WORK REQUEST: In the material below, find the line containing "在澤連斯基呼籲公務員回國後,俄羅斯外交部" and the line containing "[사진= 세계태권도연맹] |". Output those two lines and all lines between them exactly, without pictures.

RECORDS PROVIDED:

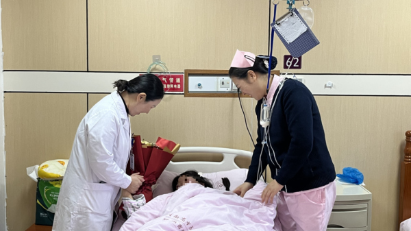 就在这个无比珍贵的时刻,一份意想不到的温馨悄然送至您的床前——那束由我们医护团队亲手献上的鲜花。
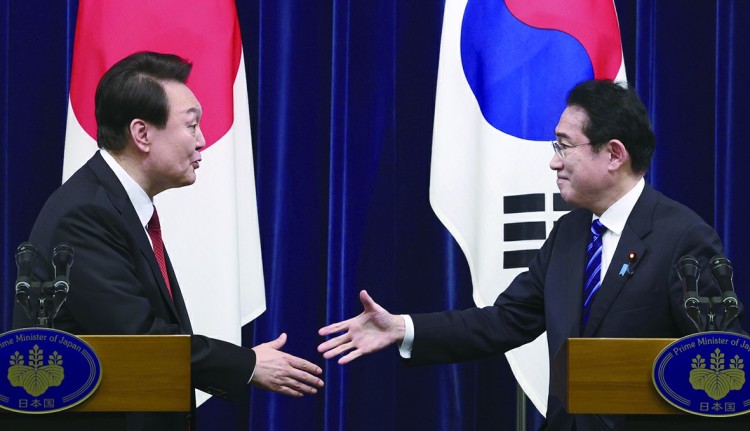 【环球时报综合报道】韩国总统尹锡悦16日飞抵东京,开始对日本进行为期两天的访问。这是自2011年来,两国之间首次有领导人进行国事访问。在当天的会谈中,韩日领导人就重启“穿梭外交”、恢复《韩日军事情报保护协定》等问题达成一致。虽然尹锡悦在会谈后宣称韩日迈向“合作新时代”,但其此次访问在韩国引发巨大争议,舆论指责其为讨好日本而推动的强征劳工“第三方代赔”方案是“卖国”。与此同时,日本有声音认为,尹锡悦政府口中的“让步”并不是真正意义上的妥协。有学者分析称,“第三方代赔”方案不太可能长期掩盖韩日分歧,只会再次播下相互指责的种子,增加令人失望的几率。
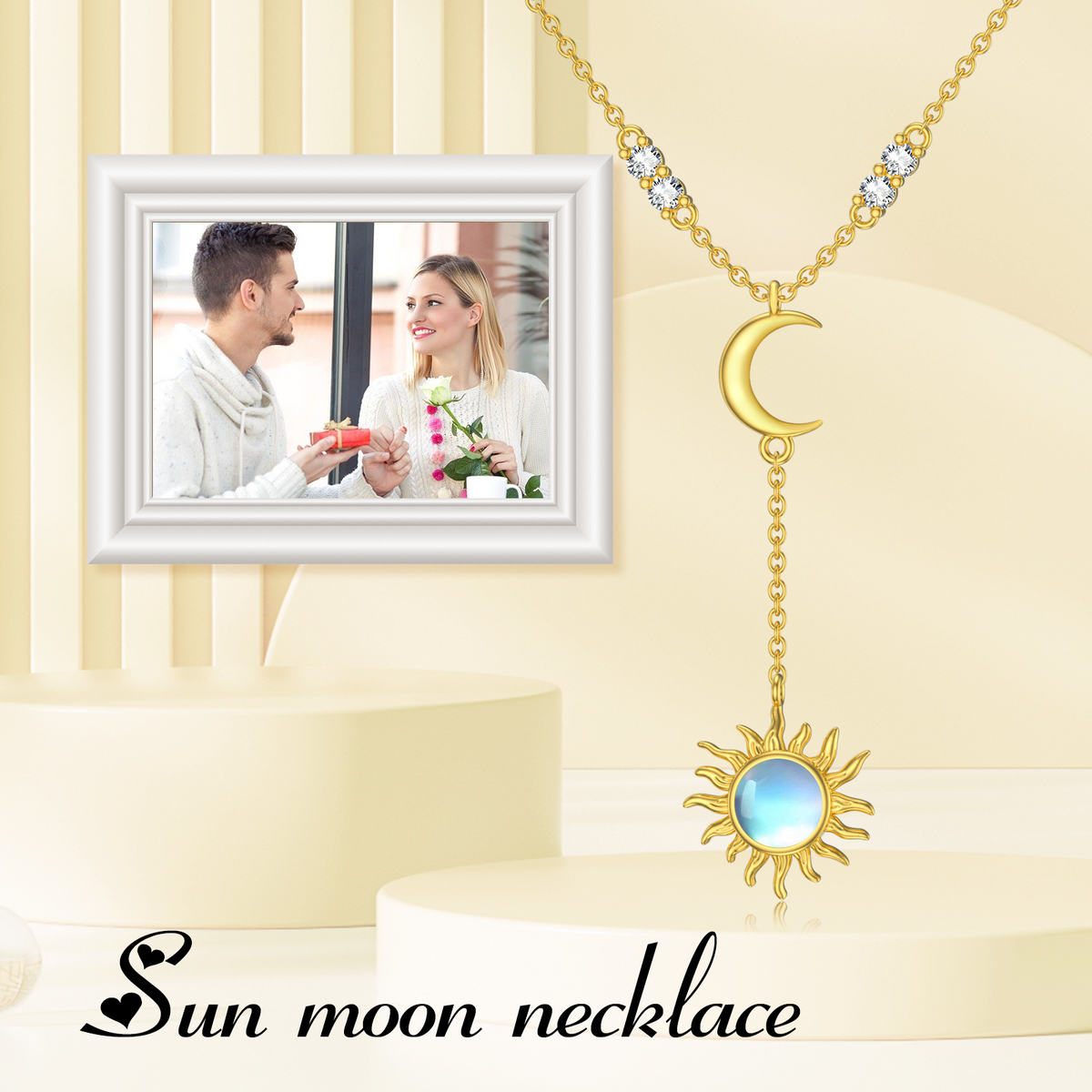 This 14K Gold Circular Shaped Moonstone Moon & Sun Adjustable Y Necklace by YFN is an exquisitely designed adjustable Y Necklace for women, adding celestial charm to any outfit. Crafted from luxurious 14K gold, the circular-shaped pendant showcases a stunning combination of sun and moon elements, centered with a radiant moonstone. The adjustable design allows for versatile styling.
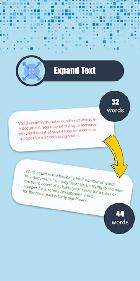 - Expand text: You can increase the text's length in one click and without changing the meaning.
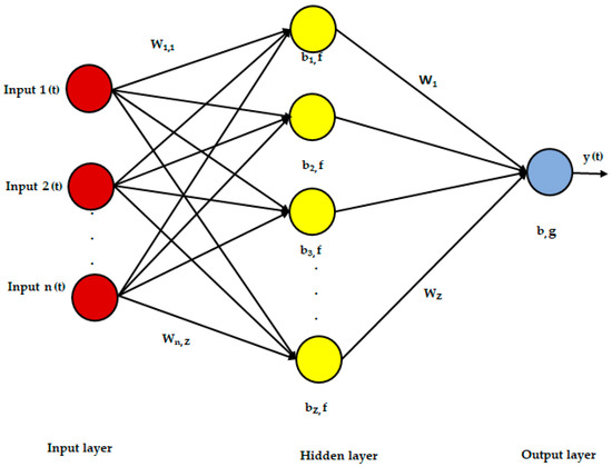 Feed-forward neural networks are classically simple networks that connect inputs and outputs. In a feed-forward ANN, information is passed forward from the input layer, through the hidden layers, and towards the output layer [40], as illustrated in Figure 2. In Figure 2, the input layer (red) consists of N nodes (X1(t), X2(t), …, Xn(t)), which represent the number of observed values used as input variables for the developed ANN. The hidden layer has M nodes (yellow) and the output layer has only one node (blue), which creates the predictor variables, where t signifies the sampling step. The output of the hidden layer is stated as follows [41]:
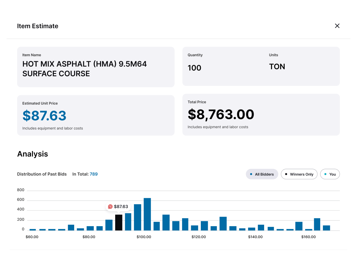 Create smarter, data-informed estimates at the item level. Compare your pricing to past bids and AI-powered projections—line by line.
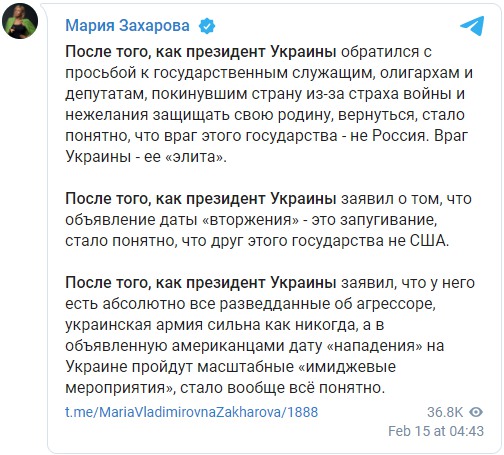 在澤連斯基呼籲公務員回國後,俄羅斯外交部發言人扎哈羅娃14日在社交媒體上評論稱:“烏克蘭政府要求那些因害怕戰爭和不願保衞祖國而離開該國的公務員、寡頭和議員回國後,這個國家的敵人顯然不是俄羅斯,而是那些‘精英’”。她還稱,“在澤連斯基表示,宣佈“入侵”日期是一種恐嚇之後,很明顯,美國不是這個國家的朋友。”
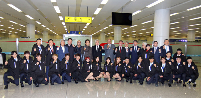 | 세계태권도연맹(WT) 조정원 총재와 시범단이 지난달 30일 시범공연을 위해 북한을 방문했다. [사진= 세계태권도연맹] |
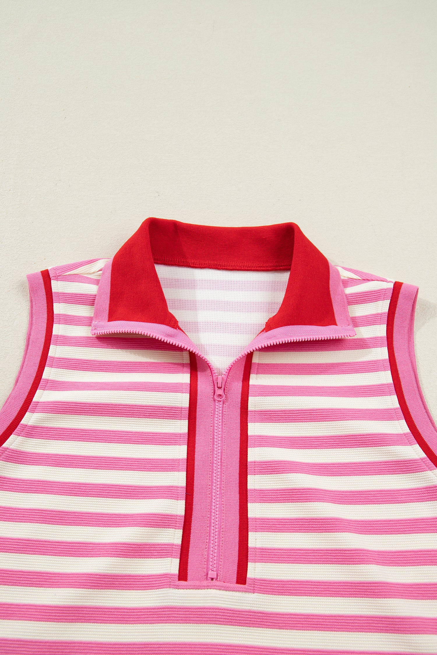 Sachet Pink Textured Stripe Print Contrast Trim Zip Collar Sleeveless 2pcs Skort Set
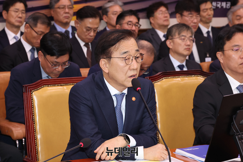 김윤덕 국토교통부 장관이 29일 국회에서 열린 국토교통위원회의 국토교통부 증에 대한 국정감사에서 의원들의 질문에 답하고 있다.
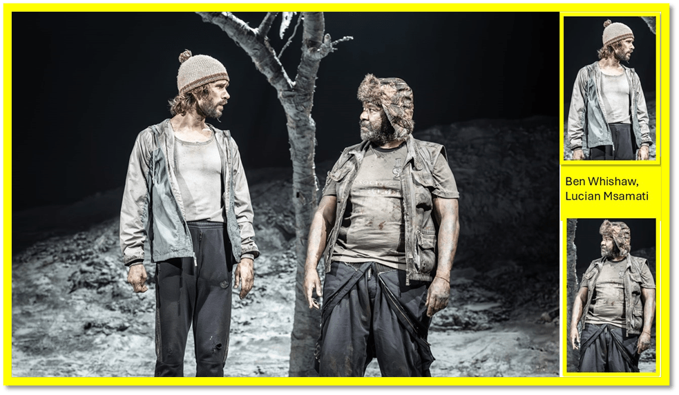 Here the look, if not the words, are updated. Vladimir (Whishaw) and Estragon (Msamati) are not picturesque stage tramps but recognisably homeless men in shabby anorak and overalls, suffering the privations and ailments that rough sleeping leads to. / ….
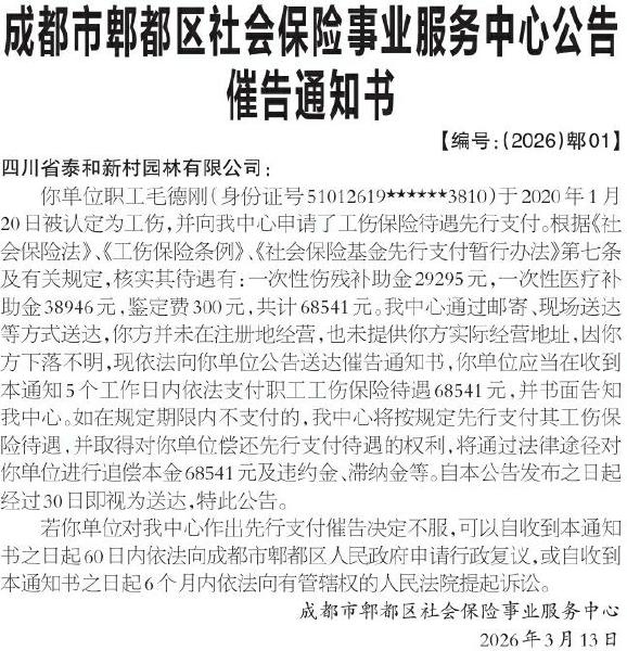·成都市新都区社会保险事业服务中心依法支付工伤保险待遇催告书
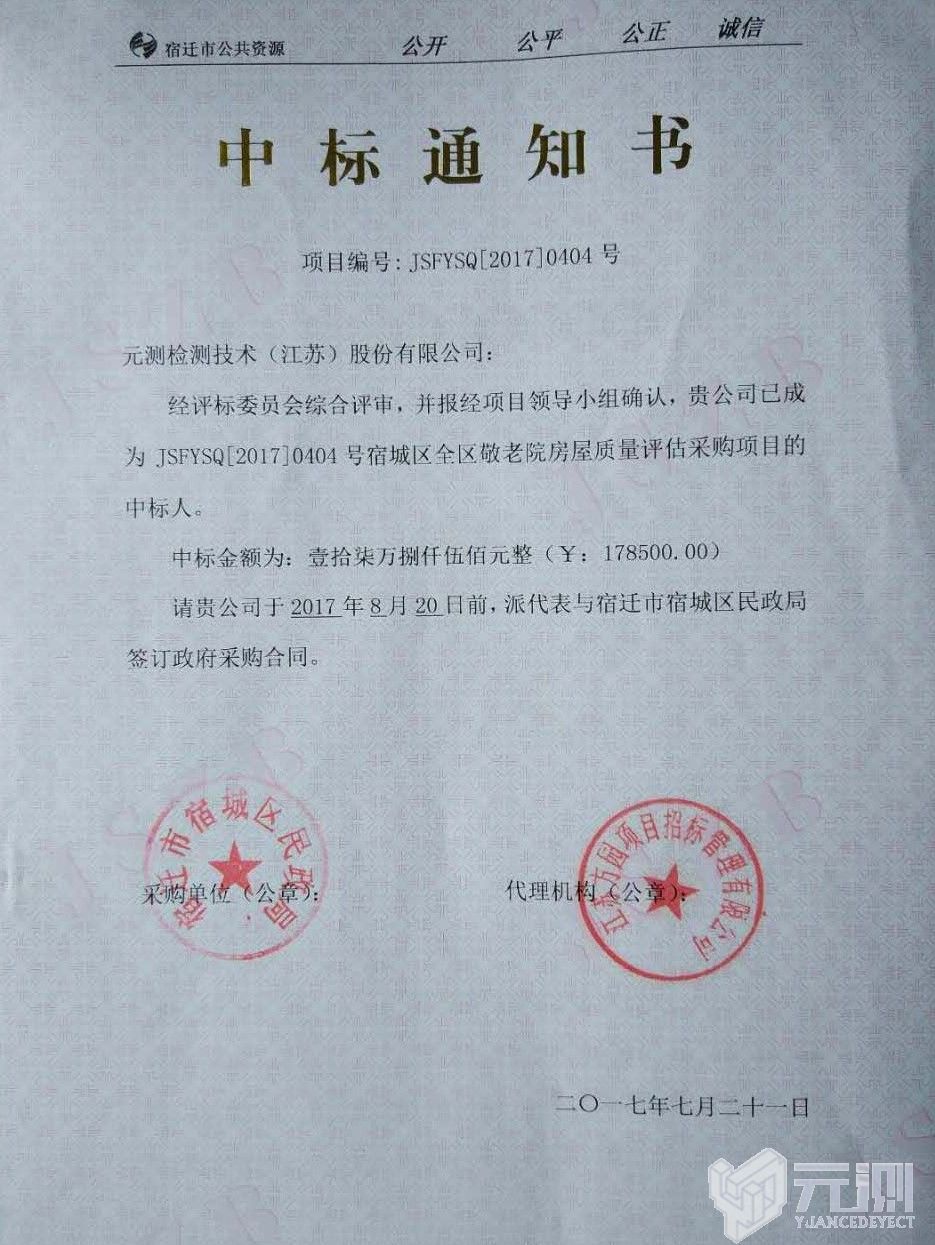 宿城區(qū)房屋安全監(jiān)測鑒定中標(biāo)書

REPLY:
 在澤連斯基呼籲公務員回國後,俄羅斯外交部發言人扎哈羅娃14日在社交媒體上評論稱:“烏克蘭政府要求那些因害怕戰爭和不願保衞祖國而離開該國的公務員、寡頭和議員回國後,這個國家的敵人顯然不是俄羅斯,而是那些‘精英’”。她還稱,“在澤連斯基表示,宣佈“入侵”日期是一種恐嚇之後,很明顯,美國不是這個國家的朋友。”
 | 세계태권도연맹(WT) 조정원 총재와 시범단이 지난달 30일 시범공연을 위해 북한을 방문했다. [사진= 세계태권도연맹] |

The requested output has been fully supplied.